Abstract
Background
Persistent inguinal lymphadenopathy can range from benign to malignant causes. Lymphogranuloma venereum (LGV), a sexually transmitted infection (STI), is a possible cause, particularly in individuals engaged in sexual practices associated with a higher likelihood of transmitting STIs. This case series outlines the diagnostic challenges of LGV.
Case Presentation
Two male patients, aged 36 and 48, with sexual practices associated with an elevated risk of STI transmission, presented with inguinal lymphadenopathy. Initial investigations, including rectal and genital nucleic acid amplification tests (NAATs) for STIs, were negative.
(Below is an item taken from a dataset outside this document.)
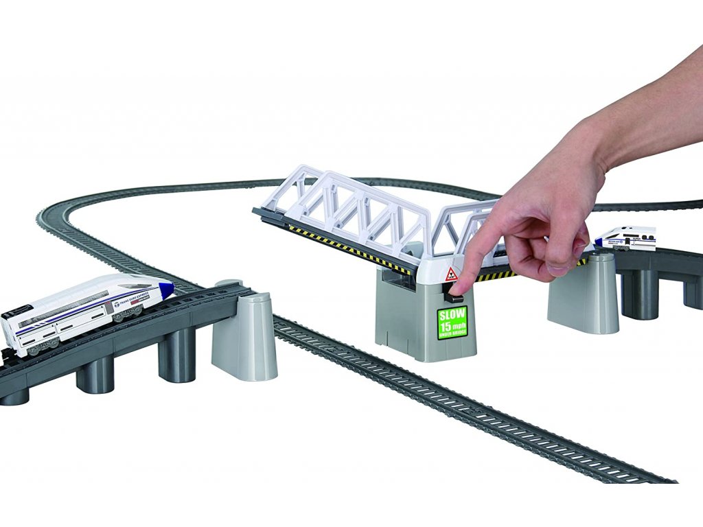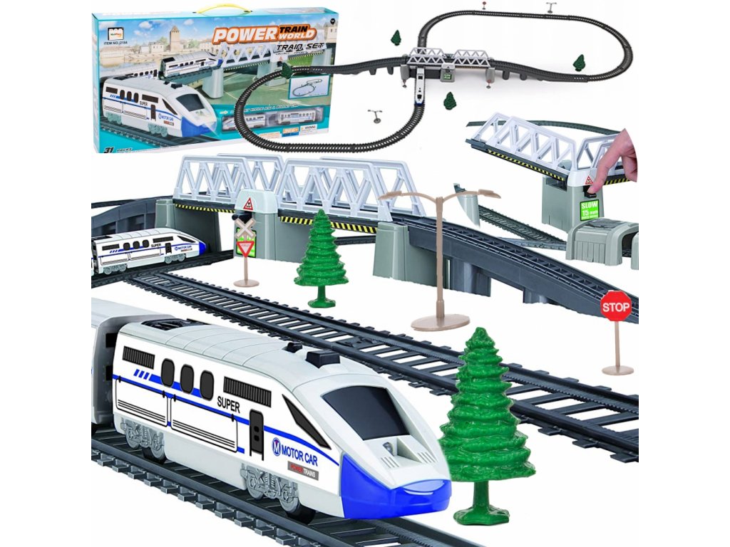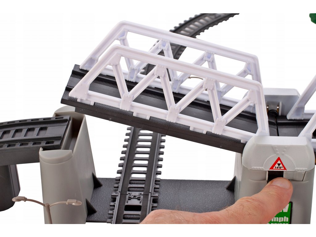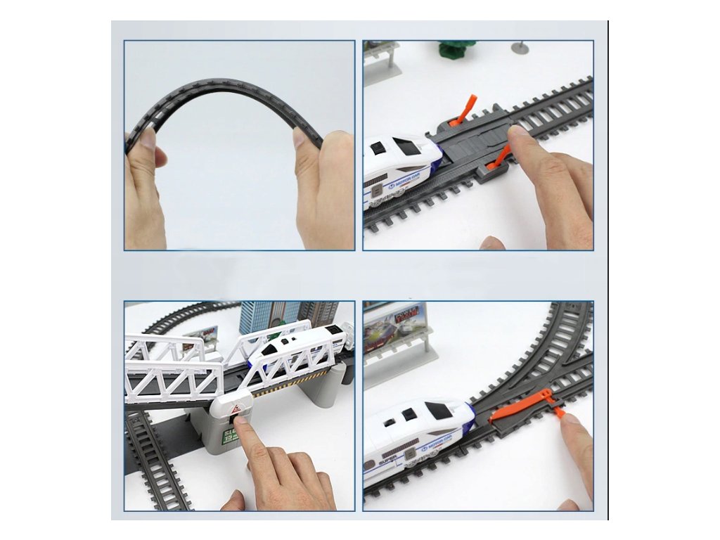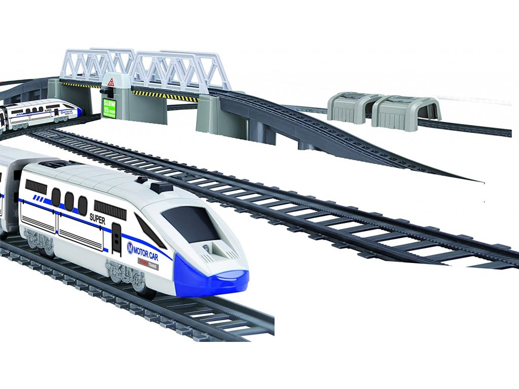 Vláčikodráha učí detí predstavivosť a podporuje kreativitu. Vláčkodráha je kompletne vybavená, nájdete tu modernú lokomotívu, 2 vagóny, dopravné značenie, stromčeky, koľaje, vyhýbky a tiež zdvíhací most, ktorý sa ovláda tlačidlom. Počas jazdy svieti v lokomotíve svetielko. Koľaje je možné rozložiť až do dĺžky 366 cm. Všetko je vyrobené z plastu bez ostrých hrán. Hračka je určená pre deti od 5 rokov veku.
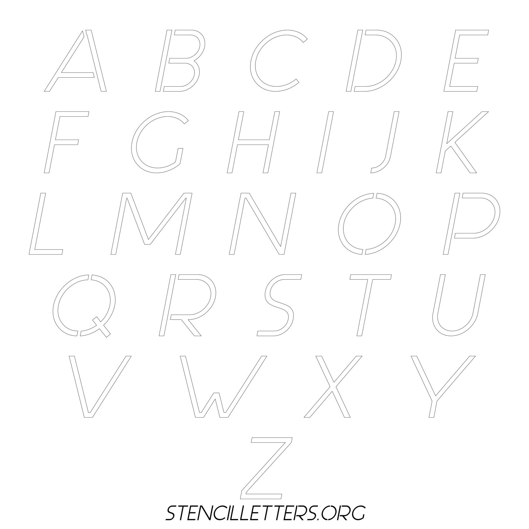 Printable Uppercase Alphabet Stencils - Design 44 Italic

Patient one underwent two fine-needle aspirations, both inconclusive. An excisional biopsy later confirmed LGV through a positive NAAT for Chlamydia trachomatis and consistent pathology. The diagnosis took several years, included three PET scans, and was complicated by a surgical site infection with Staphylococcus aureus. Patient 2, despite negative NAAT results, was empirically treated for LGV based on clinical suspicion, with resolution after doxycycline.
Intervention and Outcome
Both patients improved significantly with doxycycline. Retrospective serology showed elevated Chlamydia trachomatis IgG titers, supporting this diagnosis.
Conclusion
This case series emphasizes the need to consider LGV in patients with persistent lymphadenopathy and sexual practices that may increase the likelihood of STIs.